Андрей приехал не один, с женой и дочерью. И не в пример большинству других иммигрантов, знал, куда едет. В Массачусетсе в городе Спрингфелд уже несколько лет работал на железной дороге его брат Ян. Андрей, еще молодой, 33-летний, статный, по-крестьянски жилистый, тоже впрягся. Работать он умел, да и куда денешься, если что ни год — прибавление в семье. Детей называли на двойной манер: для властей по-американски, а дома — по-своему, по-полесски. Так и пошли после старшей Анны — Алекс (Алексей), Стелла, Мери (Мария), Стивен (Степан), Хелен (Алена),Пол
(Павел), Надин (Надежда), Вини (Вера). Ну и дети, ясное дело, росли американцами. За столом при родителях — на семейной украинско-русско-польско-белорусской мове, а чуть за дверь, — по-английски. Наверное, так бы и выросли Кларки-младшие, лишь по отцовским рассказам зная, что есть такие Польша, Россия, Беларусь, и вряд ли интересуясь, — а где эти страны и что там за люди. Мало ли встречаем мы здесь потомков итальянцев, ирландцев, украинцев, которые, да, знают, откуда их корни, но не более того. Американцы, одним словом.
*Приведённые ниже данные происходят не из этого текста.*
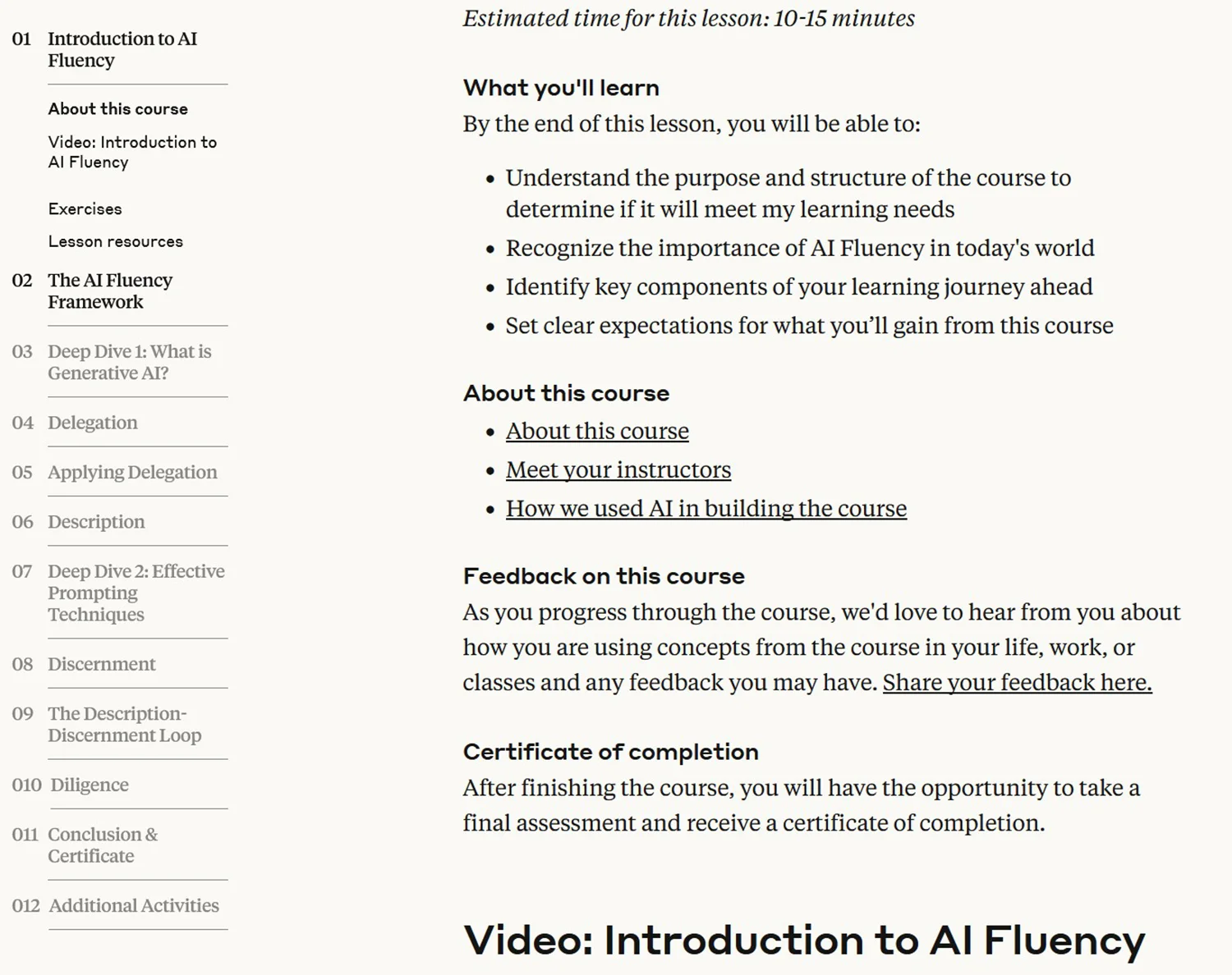 Der Kurs gliedert sich in zwölf kompakte Lektionen, die in etwa drei bis vier Stunden durchlaufen werden können. Er beginnt mit einer Einführung in das Konzept der KI-Fluency und erklärt, warum diese Fähigkeit immer wichtiger wird. Im weiteren Verlauf geht es um das Verständnis generativer Modelle, um gezielte Prompt-Techniken und um die vier Grundpfeiler der Zusammenarbeit zwischen Mensch und Maschine. Im Zentrum steht dabei die Frage, wie wir Aufgaben sinnvoll delegieren, wie wir verständlich mit KI kommunizieren, wie wir Antworten kritisch einordnen und wie wir ethisch reflektiert mit dem System arbeiten.
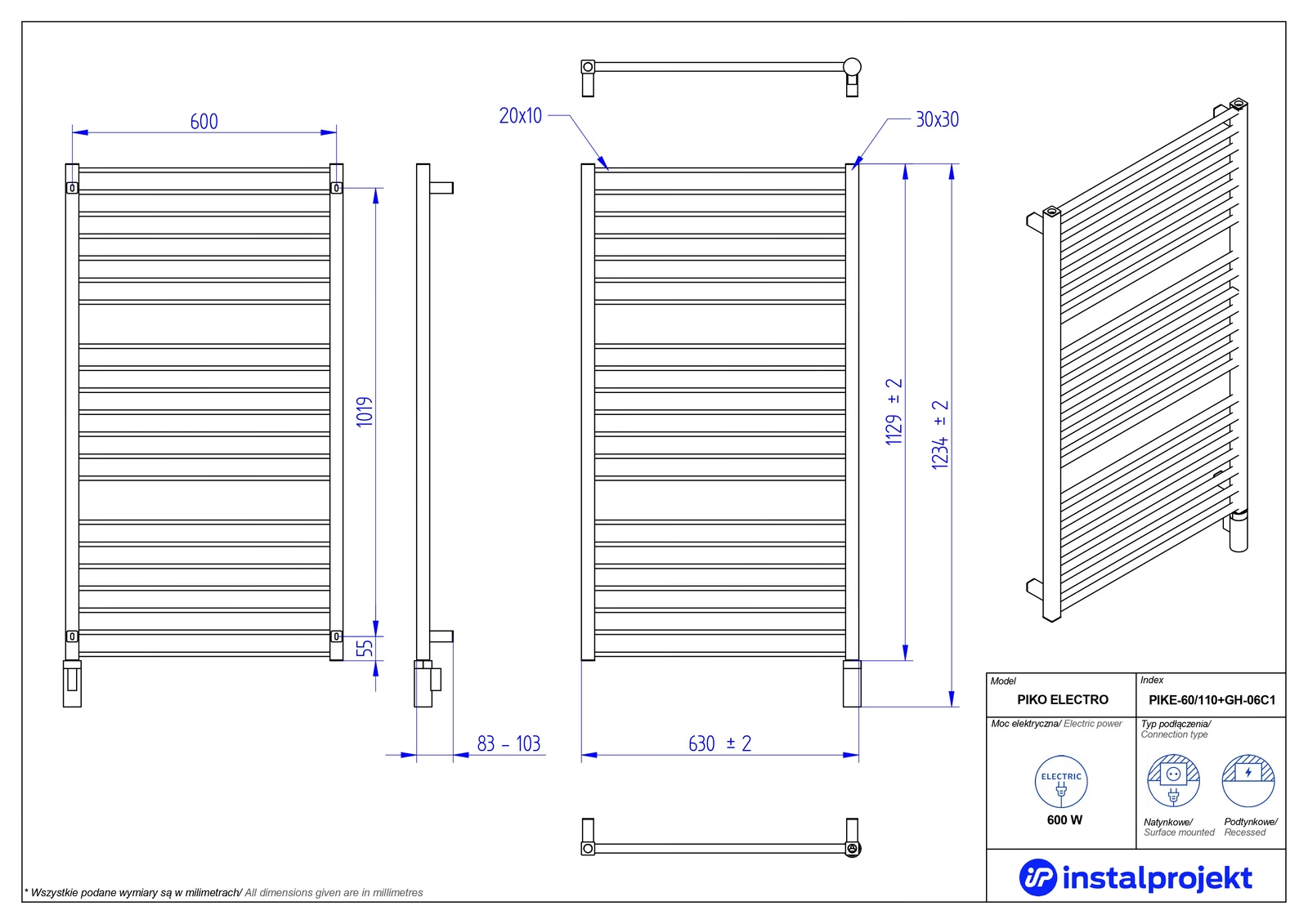 Grzejnik łazienkowy PIKO ELECTRO to wyjątkowy produkt! Spełnia oczekiwania zarówno poszukiwaczy typowo użytkowych korzyści, jak i osób zwracających dużą uwagę na wygląd urządzenia. Łączy w sobie bowiem niezawodne działanie i sprawdzoną konstrukcję odporną na uszkodzenia, a także nowoczesny design z wysoką precyzją wykończenia. Poprzez geometryczne akcenty dodaje charakteru nawet najprostszej aranżacji. Jednocześnie może zostać łatwo dopasowany do każdego wnętrza, dając efekt zachwycającej spójności z otoczeniem. W PIKO ELECTRO – tak, jak w innych grzejnikach – każdy element tworzymy z najwyższą starannością. To uwidacznia się w solidności całego produktu, również najmniejszych detali. Dzięki temu grzejnik przyciąga spojrzenia i zapada w pamięć. Dostępny jest w 23 kolorach z palety IP. Za dodatkową opłatą możemy przemalować go na dowolny kolor z palety RAL.MOŻLIWOŚĆ ZAMÓWIENIA WERSJI PODTYNKOWEJ

Но в 28-м Андрей заболел. И доктор, тщательно обследовав его, посоветовал, если хочет он пожить подольше, вернуться на родину. Благо, деревня их, что под Лунинцем, между Брестом и Пинском, после революции отошла к Польше. Ну, Польша — это не Советы, — рассуждал Андрей, — а уж если помирать придется, так хоть родичи детей поддержат, помогут стать им на ноги. И недолго думая, собрал он свое американское семейство и вернулся в родную Лохву.

Какие-никакие деньги Андрей все-таки припас. Построил большой дом на 17 комнат, потихоньку хозяйство поднял, и немалое — 12 лошадей, 40 коров, 14 овец, куры, гуси, утки, большой надел земли. Семья была дружная, один одному помогали во всем, водочкой особо не баловались, так только, на Рождество да на пасху. «Не иначе жиды эти Кларки, — судачили в деревне, — ни драк у них в доме, ни ссор, все работают да работают». Андрей не обижался, лишь посмеивался: «А кто нас знает, все может быть». Да и «жид» в Польше и Полесье — слово не бранное, лишь обозначение национальности.

Они должны были жить, как в сказке, долго и счастливо. Тем более, что семья продолжала увеличиваться. Уже после возвращения в Лохве родились Полина, Зося, Ева, Люба. Но сказки даже в самых глухих полесских хуторах перестали рождаться. Не до фантазий. Слишком много реальности внес в жизнь полешуков 39-й год.

«Почему?» — спрашивала Надя у отца. Ей уже шел четырнадцатый, но она по-прежнему верила, что ее отец не только умеет, но и знает все. А он молчал, лишь тихо и печально улыбался. Пришли Советы, а с ними новые порядки и законы. Закрыли польские школы, закрыли костелы, отобрали лошадей, скот, землю... Почему? Откуда он знал? Вот и Анна, старшая дочь, уехала назад в Америку. За ней, зимой 39-го, туда же, в Массачусетс, отправился Стивен, а в 41-м, как только исполнилось 18 лет, и Мария. Отец не отговаривал, молча крестил детей, благославляя на долгую разлуку. Как мог знать, что навсегда расстается? Ну, а если бы знал...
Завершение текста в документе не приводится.